Work order: Count, please, the lines in the listing below that contain "other", and reply with the count only.

----- Input

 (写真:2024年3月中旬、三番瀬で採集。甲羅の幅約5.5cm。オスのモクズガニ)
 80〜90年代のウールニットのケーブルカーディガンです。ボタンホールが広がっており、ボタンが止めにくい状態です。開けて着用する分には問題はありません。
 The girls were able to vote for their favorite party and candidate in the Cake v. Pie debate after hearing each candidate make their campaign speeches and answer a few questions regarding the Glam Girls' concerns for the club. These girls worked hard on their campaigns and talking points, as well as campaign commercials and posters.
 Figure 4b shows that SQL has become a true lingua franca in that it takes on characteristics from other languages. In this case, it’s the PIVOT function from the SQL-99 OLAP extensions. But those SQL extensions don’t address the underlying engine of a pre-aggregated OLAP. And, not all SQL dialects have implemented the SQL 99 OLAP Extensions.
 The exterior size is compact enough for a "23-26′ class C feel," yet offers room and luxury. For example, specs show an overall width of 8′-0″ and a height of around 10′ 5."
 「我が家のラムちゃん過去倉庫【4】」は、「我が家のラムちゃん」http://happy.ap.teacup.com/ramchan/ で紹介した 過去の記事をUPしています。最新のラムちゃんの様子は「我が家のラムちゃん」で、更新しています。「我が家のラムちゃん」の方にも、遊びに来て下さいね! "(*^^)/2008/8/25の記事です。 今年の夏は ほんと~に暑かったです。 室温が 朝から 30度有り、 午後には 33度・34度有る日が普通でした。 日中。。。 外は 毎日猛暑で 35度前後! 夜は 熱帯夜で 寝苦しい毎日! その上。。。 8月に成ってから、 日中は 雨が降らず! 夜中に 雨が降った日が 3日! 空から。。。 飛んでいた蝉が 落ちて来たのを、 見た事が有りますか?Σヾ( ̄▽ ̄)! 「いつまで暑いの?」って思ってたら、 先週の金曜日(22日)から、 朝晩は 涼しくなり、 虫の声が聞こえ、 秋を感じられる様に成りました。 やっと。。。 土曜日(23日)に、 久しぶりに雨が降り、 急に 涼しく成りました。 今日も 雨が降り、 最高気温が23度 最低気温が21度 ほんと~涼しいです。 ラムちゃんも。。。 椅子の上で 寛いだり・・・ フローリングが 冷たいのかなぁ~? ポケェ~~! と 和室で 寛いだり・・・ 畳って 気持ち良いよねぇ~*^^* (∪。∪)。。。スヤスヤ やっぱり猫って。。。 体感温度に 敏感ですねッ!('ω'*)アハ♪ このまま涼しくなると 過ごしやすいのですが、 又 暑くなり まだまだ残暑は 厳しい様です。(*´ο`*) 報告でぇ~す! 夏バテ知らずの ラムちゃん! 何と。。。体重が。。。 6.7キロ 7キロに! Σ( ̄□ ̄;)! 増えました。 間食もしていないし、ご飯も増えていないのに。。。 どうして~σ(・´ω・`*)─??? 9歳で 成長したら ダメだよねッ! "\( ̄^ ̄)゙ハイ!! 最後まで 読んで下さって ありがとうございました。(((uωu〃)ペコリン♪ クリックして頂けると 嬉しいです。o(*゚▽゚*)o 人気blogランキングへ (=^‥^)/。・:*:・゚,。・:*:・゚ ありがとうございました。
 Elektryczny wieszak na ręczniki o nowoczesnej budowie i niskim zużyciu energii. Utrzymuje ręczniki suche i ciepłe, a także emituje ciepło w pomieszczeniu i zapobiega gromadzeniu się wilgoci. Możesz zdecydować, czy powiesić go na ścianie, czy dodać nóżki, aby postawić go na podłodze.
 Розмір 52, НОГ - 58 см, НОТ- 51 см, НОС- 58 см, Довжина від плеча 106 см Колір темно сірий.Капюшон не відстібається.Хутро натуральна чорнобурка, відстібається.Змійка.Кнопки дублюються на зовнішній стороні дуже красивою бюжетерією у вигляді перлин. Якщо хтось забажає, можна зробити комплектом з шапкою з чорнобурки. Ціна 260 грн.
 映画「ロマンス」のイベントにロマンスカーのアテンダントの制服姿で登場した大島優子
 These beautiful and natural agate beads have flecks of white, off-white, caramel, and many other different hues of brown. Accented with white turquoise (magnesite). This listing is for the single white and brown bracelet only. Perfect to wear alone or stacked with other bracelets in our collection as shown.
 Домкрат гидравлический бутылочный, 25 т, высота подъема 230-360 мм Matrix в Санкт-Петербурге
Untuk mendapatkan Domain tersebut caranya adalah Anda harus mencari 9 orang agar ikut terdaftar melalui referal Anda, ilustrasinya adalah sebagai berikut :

----------

Problem solution: 2